Today DARPA took a break from funding next-generation weapons systems, advanced hypersonic aircraft, and frickin’ laser beams to put $3.5 million into TechShop, the paradise for “inventors, makers, hackers, tinkerers, artists … and anyone else who wants to be able to make things that they dream up but don’t have the tools, space or skills.” TechShop currently operates 5 locations around the US, giving members access to a vast array of tools, building space, and lessons.

In authentic military tradition, the project has a funky acronym: iFAB. The Instant Foundry Adaptive through Bits partnership between TechShop, DARPA, and the Department of Veteran Affairs is intended to “create a foundry to rapidly design and reconfigure manufacturing capabilities to support the fabrication of a wide array of military vehicles.”

In other words, DARPA wants to create insta-factories for weapons systems and military vehicles. Think a pop-up shop that follows the military through a battle zone: instead of new equipment manufacturing, repairs, and upgrades taking place thousands of miles away, military hardware could be built and serviced near the war zone and returned to battle within days.
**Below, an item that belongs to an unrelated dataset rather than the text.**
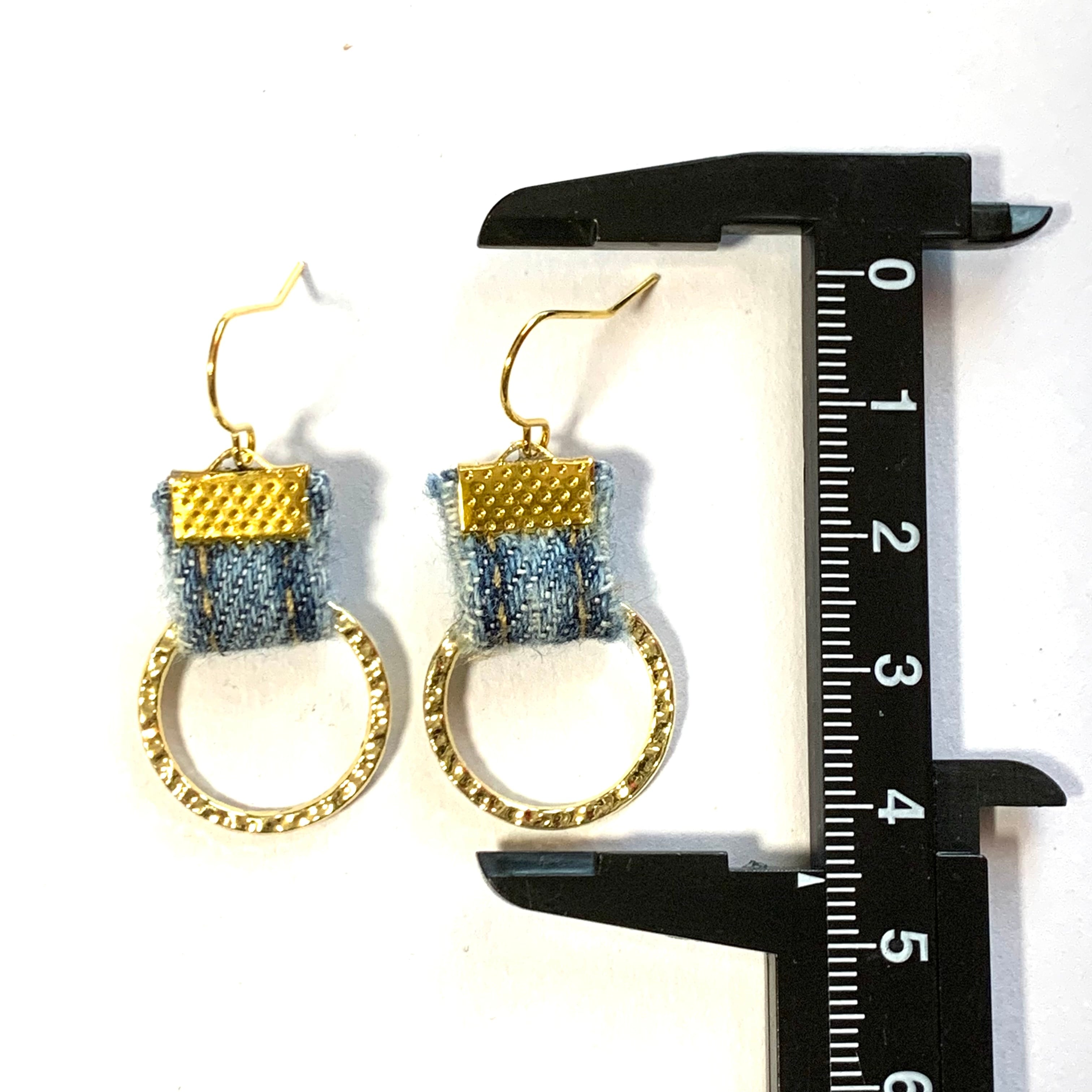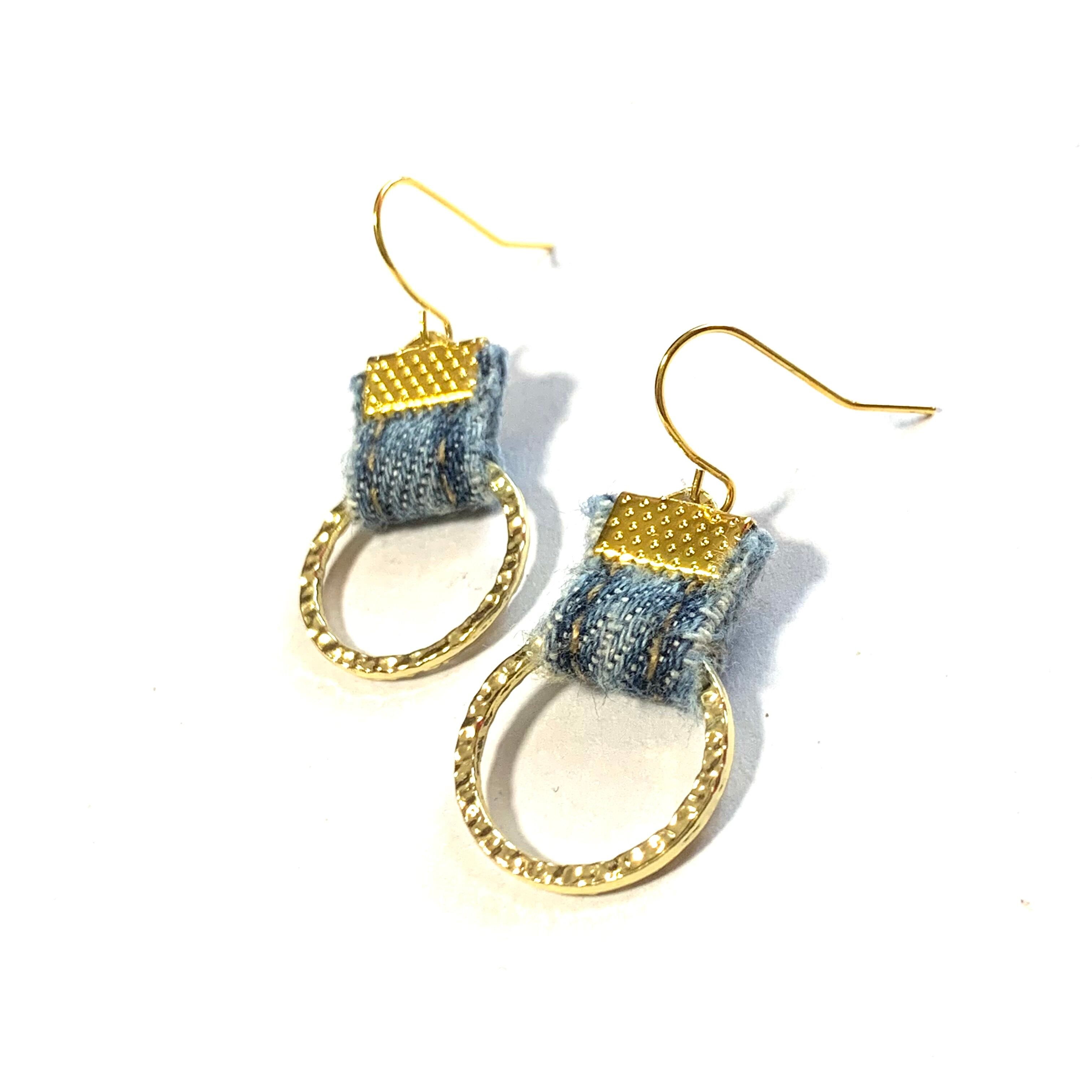 一つ一つ手作りしたデニムのピアスで、リングが耳元を華やかに飾ってくれます。

“Supporting initiatives that expand the number and diversity of talent contributing to the nation’s defense is critical to DARPA’s efforts in advanced manufacturing,” DARPA director Kaigham Gabriel said in a statement. “The resources made available through this effort enables more people to ‘make,’—the DNA of creativity and innovation.”

According to BusinessWeek, the funding will enable TechShop to open two new locations in Washington, DC, and Pittsburgh, joining locations already in Menlo Park, Raleigh, San Francisco, San Jose, and Detroit.

The Veteran Affairs also gains from the partnership. TechShop announced that, as part of the partnership, 2000 one-year memberships which typically cost over $1000 each, will be made available to veterans. Jonah Czerwinski, director of the VA’s Center for Innovation, said that iFAB supports the VA’s goal of “finding new ways of providing veterans with resources that help them serve an important role in America’s economy.”